DIRECTIONS FOR THIS TASK -> In this exercise, retype exactly and only the lines from the top of the entries below through the line that holds "Today 14/6/2025 my", omitting pictures.

SUPPLIED RECORDS ->

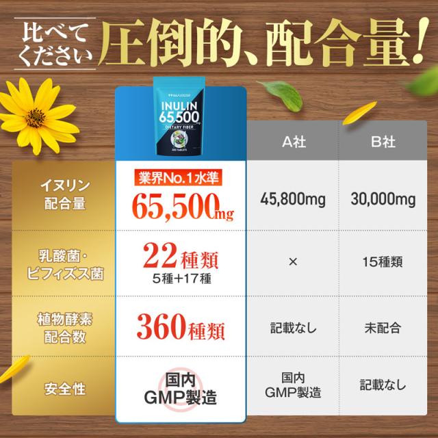 | イヌリン(タイ製造)、還元麦芽糖水飴、菊芋粉末、ミネラル酵母(ビオチン含有)、サラシアエキス末、納豆菌培養エキス末、殺菌乳酸菌粉末、デキストリン、植物発酵エキス末/セルロース、ステアリン酸Ca、微粒二酸化ケイ素、d-α-トコフェロール、(一部に乳成分・小麦・大豆・オレンジ・カシューナッツ・キウイフルーツ・ごま・バナナ・りんごを含む) |
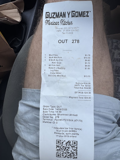 Today 14/6/2025 my partner and I decided that we would treat ourselves to some delicious gyg! Little did we expect to be disappointed with the service and the food, when ordering the two meals from this venue for one burrito being the pulled pork was meant to be spicy, the chicken to not be spicy as my partner can not handle spicy foods. Failed instructions when ordering My partner got the hot chicken burrito.!!! The order was completely mixed up, the chips were over salted I took photos to show just touching the top of the chips how much seasoning was on them, if you had salty chips before you know you canât finish them because there not enjoyable, so I headed into store to complain about the food, management fixed the order by making two fresh burritos however after the second time my order was still not correct I ended up with no guacamole my partner had got it on hers so I was very disappointed in the way todayâs lunch was and I donât think I can look into spending money at this venue again.
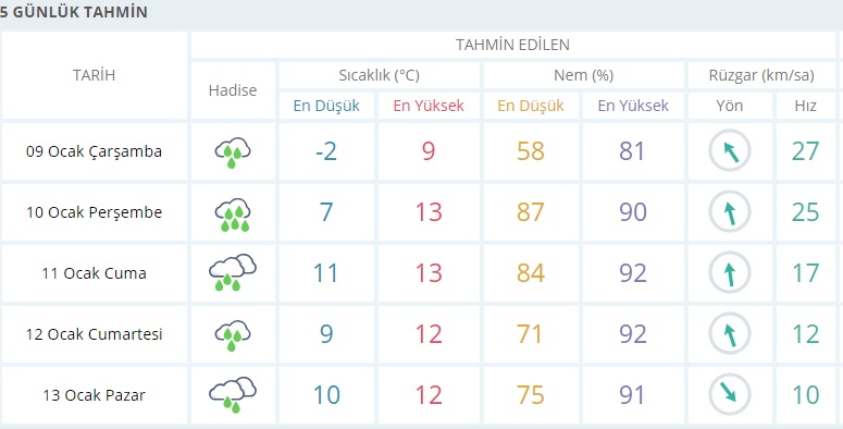 Parçalı zamanla çok bulutlu, akşam saatlerinden sonra sağanak ve yer yer gök gürültülü sağanak yağışlı geçeceği tahmin ediliyor. Yağışların gece saatlerinden sonra yerel olarak kuvvetli olması bekleniyor.
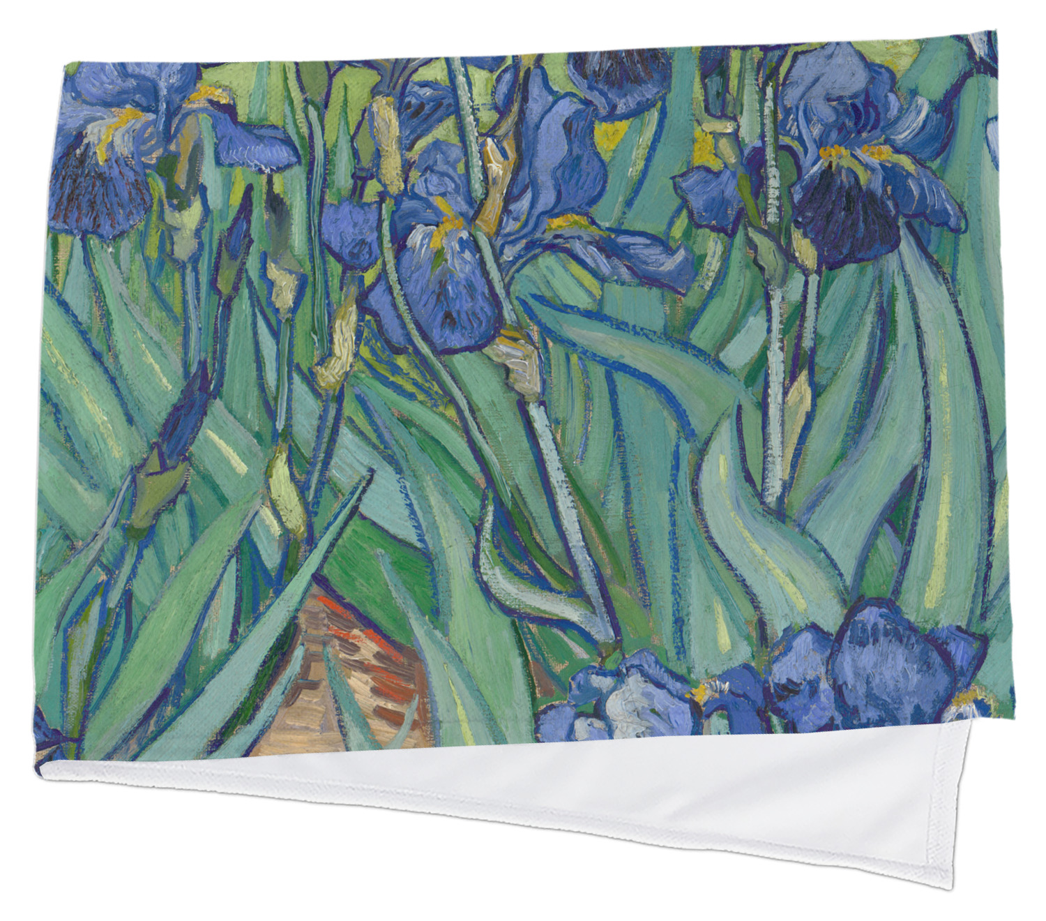 Now you can enjoy Irises on a daily basis. Well not all of it! To put this rectangular painting (roughly 4x3) on products, we use as much of the painting as we can on each product. So for a square product like the shower curtain - we use a 3x3 rectangle - which cuts off a little of the sides - but is still very much Irises For other products such as the wristlet (a wide 4x1 rectangle) - you get a small slice of the painting.
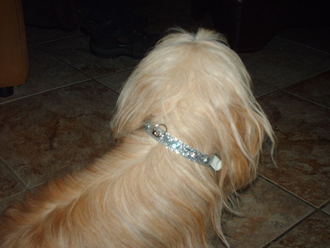 Luna en Turbo kregen beide een halsbandje alleen Turbo krijgt hem niet om.
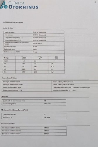 Na noite da última polissonografia, em um período de 5 horas de exame, eu tive 70 dessaturações.
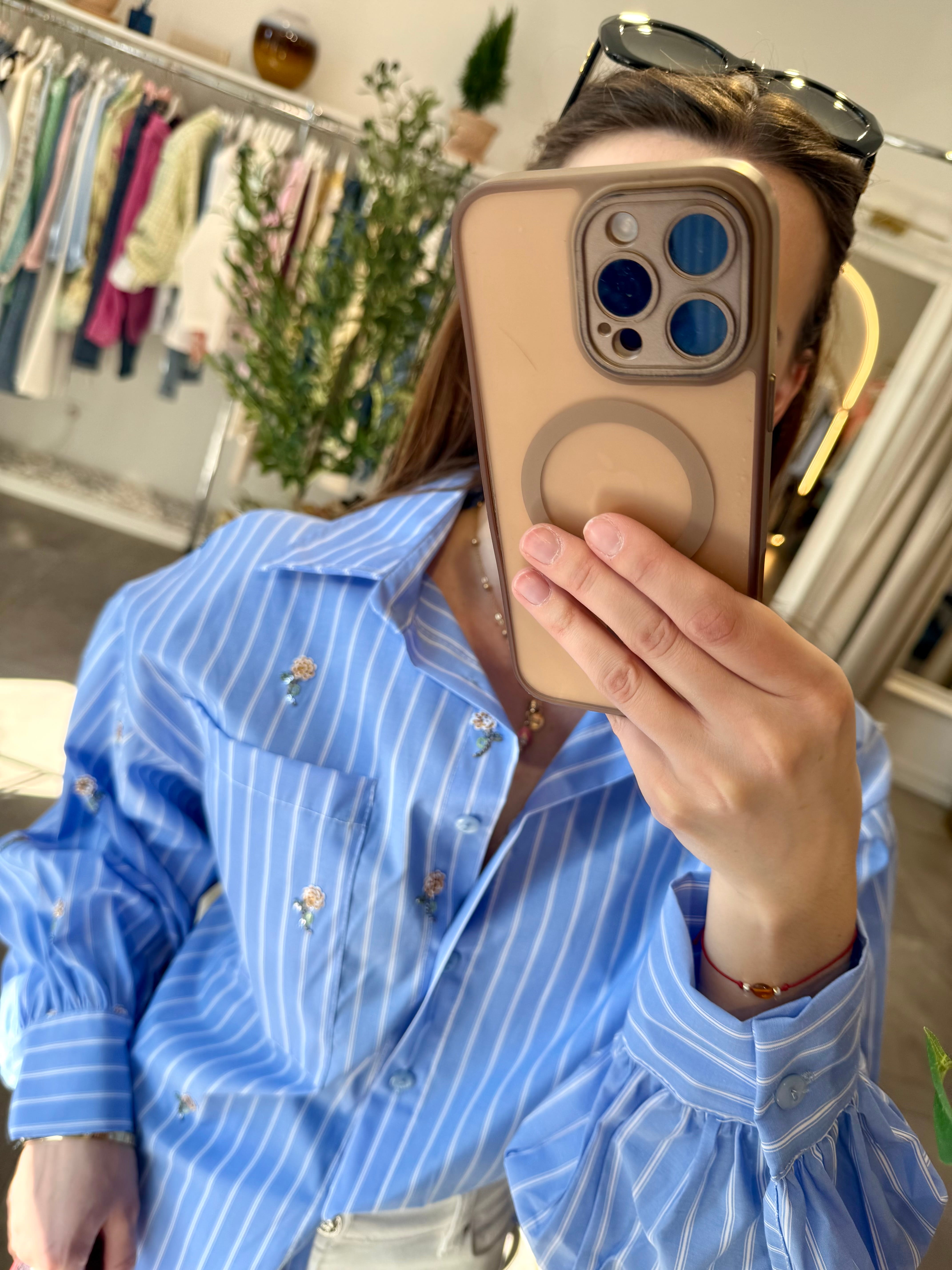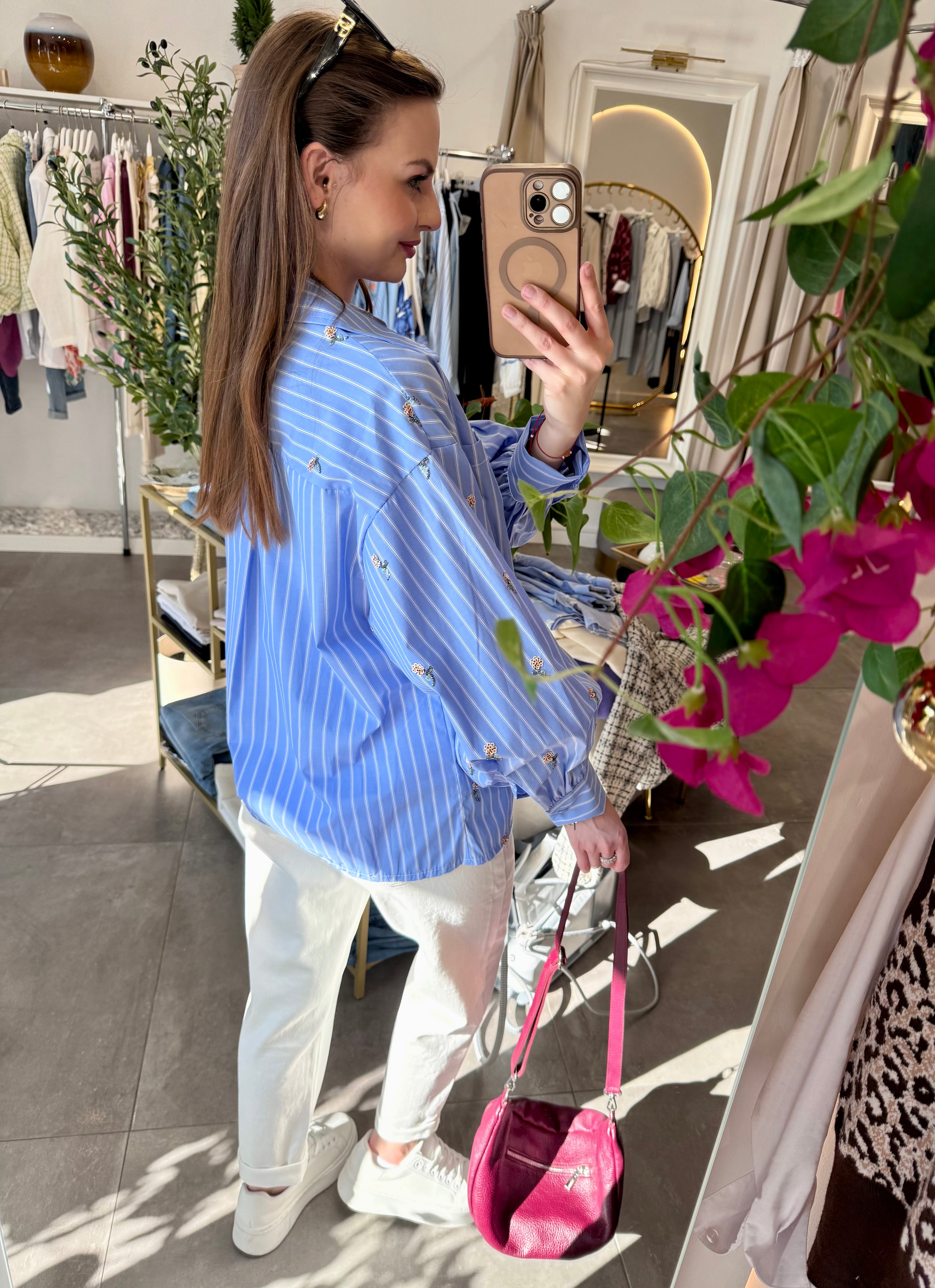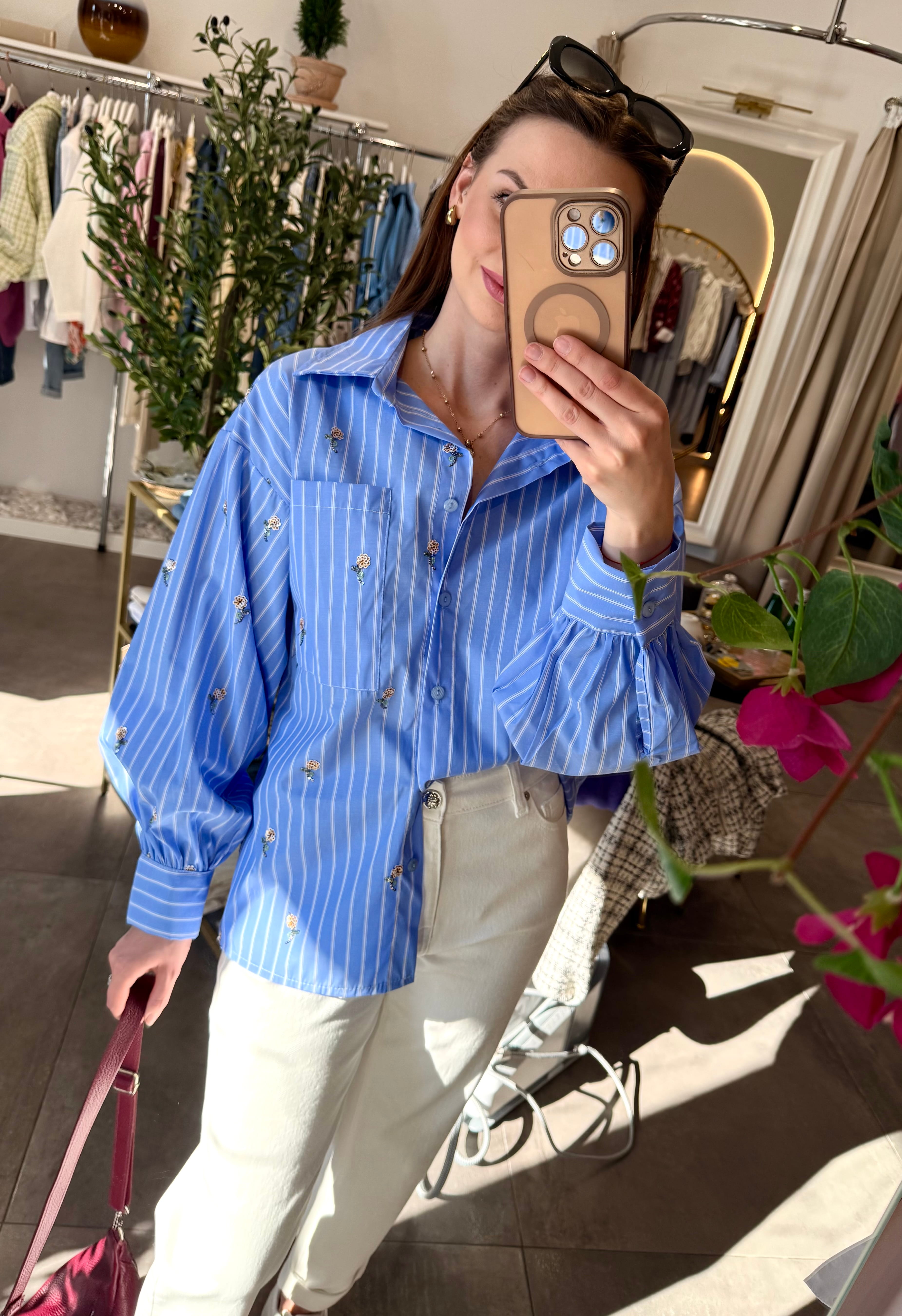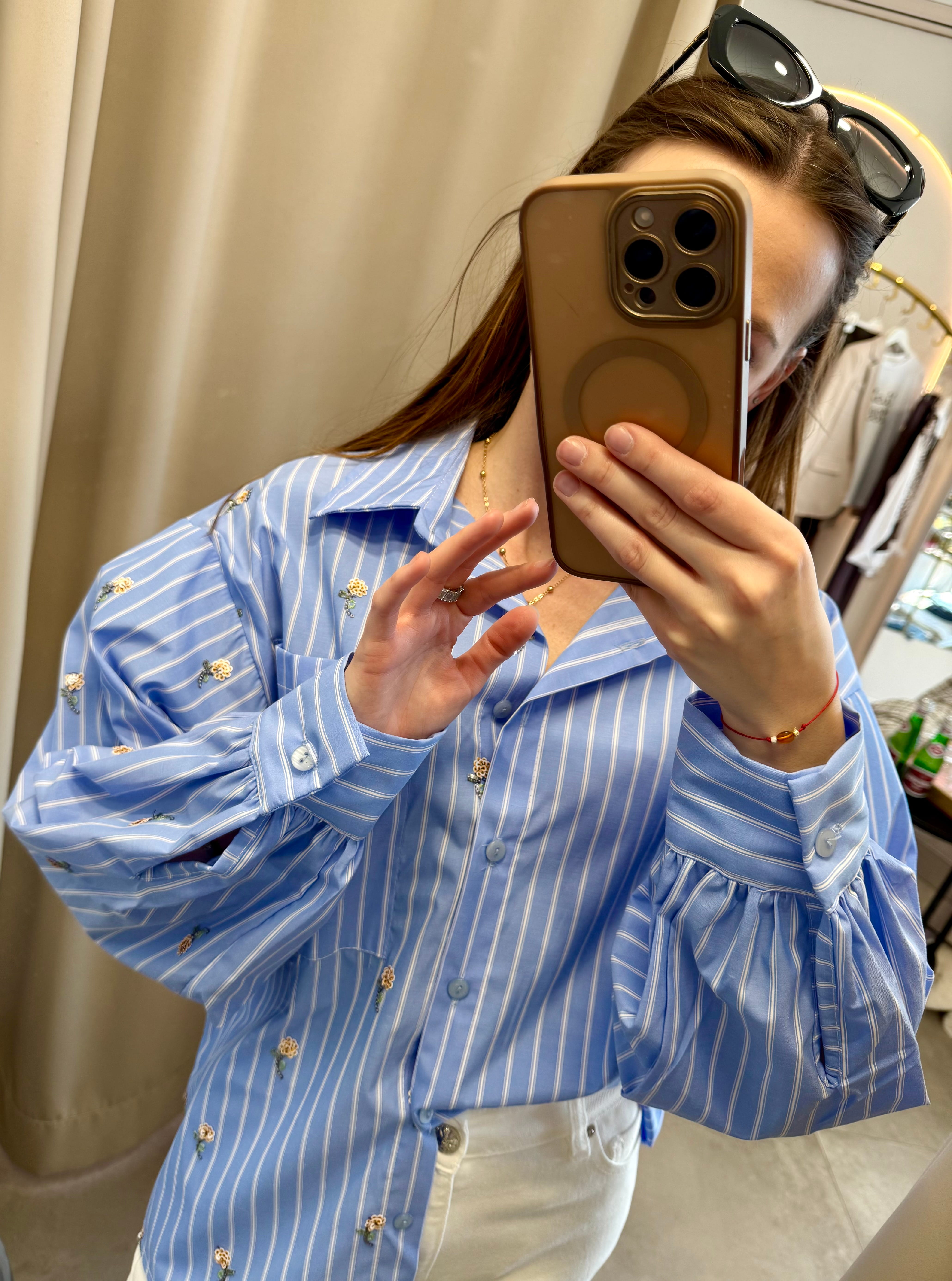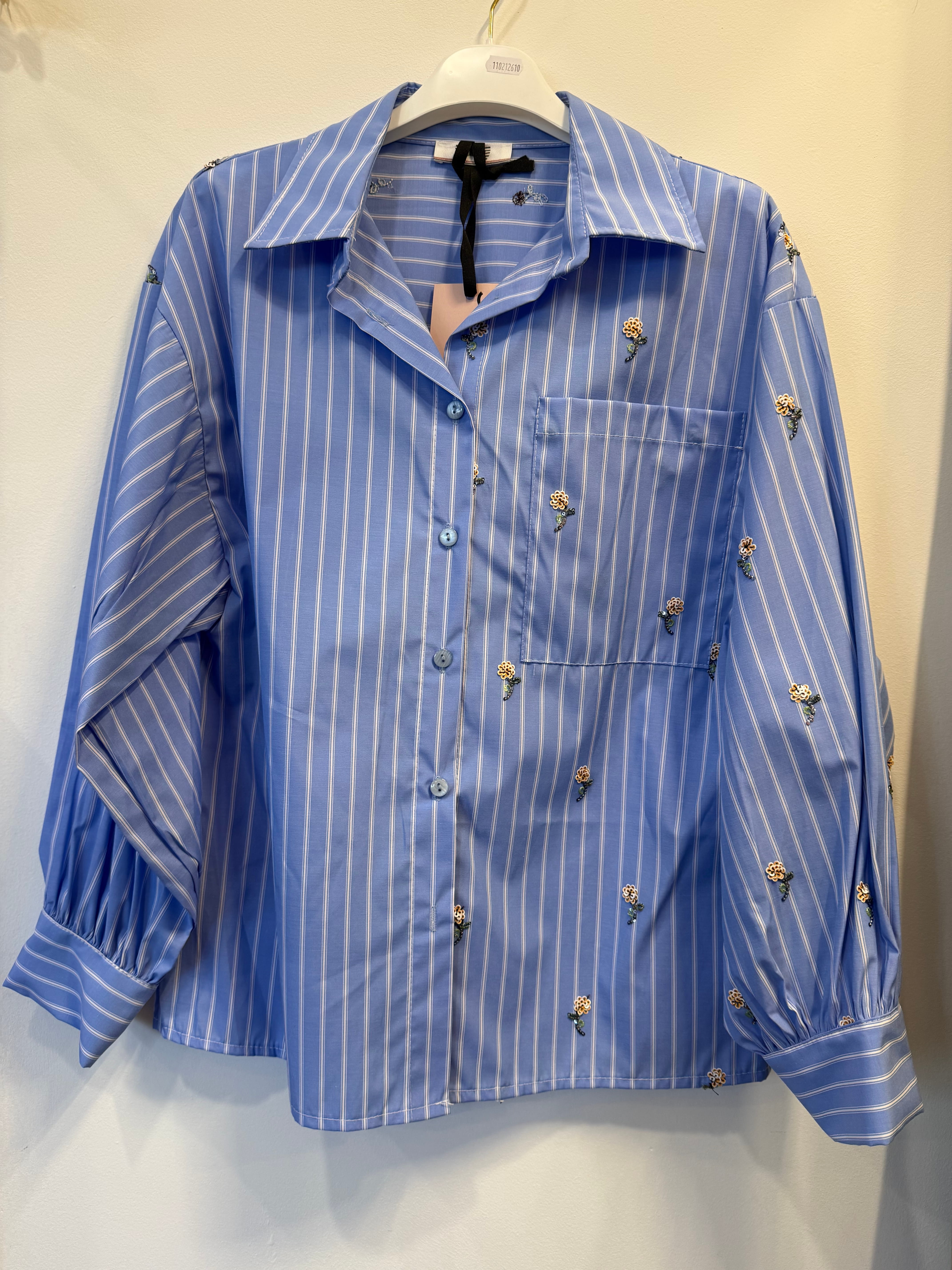 Koszula Dolce niebieska w paski wyszywana cekinami w kwiatki, swobodna

EXERCISE OUTPUT ->
 | イヌリン(タイ製造)、還元麦芽糖水飴、菊芋粉末、ミネラル酵母(ビオチン含有)、サラシアエキス末、納豆菌培養エキス末、殺菌乳酸菌粉末、デキストリン、植物発酵エキス末/セルロース、ステアリン酸Ca、微粒二酸化ケイ素、d-α-トコフェロール、(一部に乳成分・小麦・大豆・オレンジ・カシューナッツ・キウイフルーツ・ごま・バナナ・りんごを含む) |
 Today 14/6/2025 my partner and I decided that we would treat ourselves to some delicious gyg! Little did we expect to be disappointed with the service and the food, when ordering the two meals from this venue for one burrito being the pulled pork was meant to be spicy, the chicken to not be spicy as my partner can not handle spicy foods. Failed instructions when ordering My partner got the hot chicken burrito.!!! The order was completely mixed up, the chips were over salted I took photos to show just touching the top of the chips how much seasoning was on them, if you had salty chips before you know you canât finish them because there not enjoyable, so I headed into store to complain about the food, management fixed the order by making two fresh burritos however after the second time my order was still not correct I ended up with no guacamole my partner had got it on hers so I was very disappointed in the way todayâs lunch was and I donât think I can look into spending money at this venue again.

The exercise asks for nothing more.